Section: New Results

Energy Efficiency in Large Scale Systems

Participants : Ghislain Landry Tsafack, Mohammed El Mehdi Diouri, Olivier Glück, Laurent Lefevre.

Energy Efficiency in HPC Systems

Modern high performance computing subsystems (HPC) – including processor, network, memory, and I/O — are provided with power management mechanisms. These include dynamic speed scaling and dynamic resource sleeping. Understanding the behavioral patterns of high performance computing systems at runtime can lead to a multitude of optimization opportunities including controlling and limiting their energy usage. We have proposed a general purpose methodology for optimizing energy performance of HPC systems considering processor, disk and network. We have relied on the concept of execution vector along with a partial phase recognition technique for on-the-fly dynamic management without any a priori knowledge of the workload. We have demonstrated the effectiveness of our management policy under two real-life workloads. Experimental results have shown that our management policy in comparison with baseline unmanaged execution saves up to 24% of energy with less than 4% performance overhead for our real-life workloads [28] , [27] , [26] . This work is done under the Large Scale Initiative Hemera project (Joint PhD between Avalon and IRIT (Toulouse) with J.-M. Pierson, P. Stolf and G. Da Costa).

Energy Considerations in Checkpointing and Fault Tolerance Protocols

Two key points should be taken into account in future exascale systems: fault tolerance and energy consumption. To address these challenges, we evaluated checkpointing and existing fault tolerance protocols from an energy point of view. We measured on a real testbed the power consumption of the main atomic operations found in these protocols: checkpointing, message logging and coordination. The results [16] , [51] show that process coordination and RAM logging consume more power than checkpointing and HDD logging.
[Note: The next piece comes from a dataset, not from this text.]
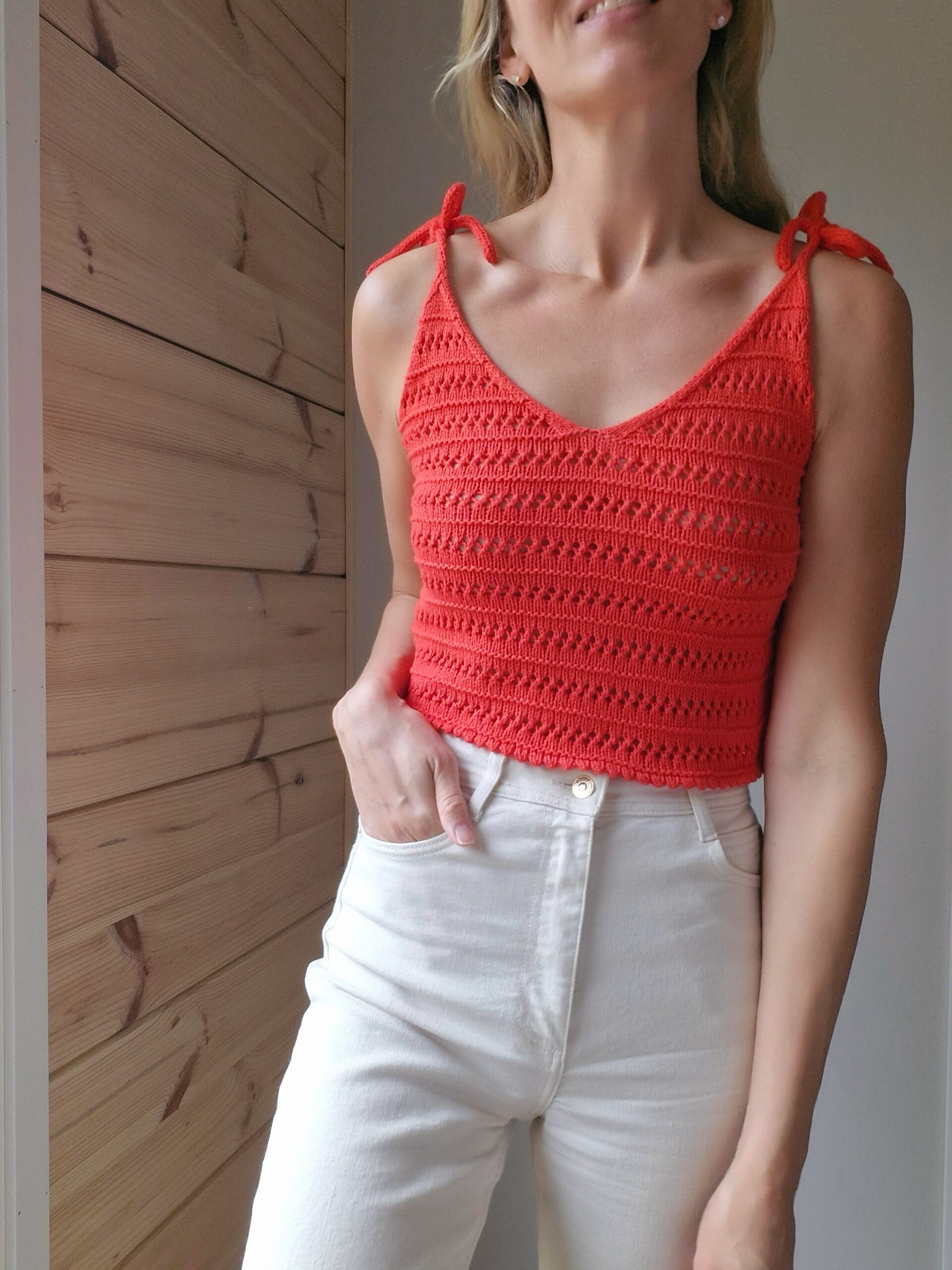 Mittaa rinnanympäryksesi ja vertaa mittaasi taulukossa annettuihin valmiin neuleen mittoihin. Valitse koko, joka on 0-5 cm pienempi kuin oma rinnanympäryksesi on. Mallin rinnanympärys on 90 cm. Molemmat topit on neulottu S-koossa. Negatiivista väljyyttä on 6 cm. Voit halutessasi valita myös väljemmän koon. Valkoinen toppi on neulottu ohjeen mukaan normaalipituisena. Punainen toppi on 6 cm ohjetta lyhyempi.

However, the results we presented in Joules per Bytes for I/O operations, emphasize that checkpointing and HDD logging consume more energy than RAM logging because of the logging duration which is much more higher on HDD than on RAM . We have also shown that for identical nodes performing the same operation, the extra power cost due to this operation is the same. In general, we have learned that the power consumption of a node during a given operation remains constant during this operation. The power consumption of such a node is equal to its idle power consumption to which we add the extra power consumption due to the operation it is performing. Finally, we proposed to consider energy consumption as a criterion for the choice of fault tolerance protocols. In terms of energy consumption, we should promote message logging for applications exchanging small volumes of data and coordination for applications involving few processes. This work is a joint work with F. Cappello (Inria-UIUC-NCSA Joint Laboratory for Petascale Computing).
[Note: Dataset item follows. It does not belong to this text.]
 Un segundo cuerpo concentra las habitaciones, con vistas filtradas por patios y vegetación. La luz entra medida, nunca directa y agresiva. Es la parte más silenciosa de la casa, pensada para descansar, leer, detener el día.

Towards a Smart and Energy-Aware Service-Oriented Manager for Extreme-Scale Applications

To address the issue of energy efficiency for exascale supercomputers, we proposed a smart and energy-aware service-oriented manager for exascale applications: SEASOMES [17] . This framework aggregates the various energy-efficient solutions to "consume less" energy and to "consume better". It involves both internal and external interactions with the various actors interfering directly or indirectly with the supercomputer. On the one hand, we recommended a more fine-grained collaboration between application and hardware resources in order to reduce energy consumption and provide sustainable exascale services. On the other hand, we suggested a cooperation between the user, the administrator, the resource manager and the energy supplier for the purpose of "consuming better".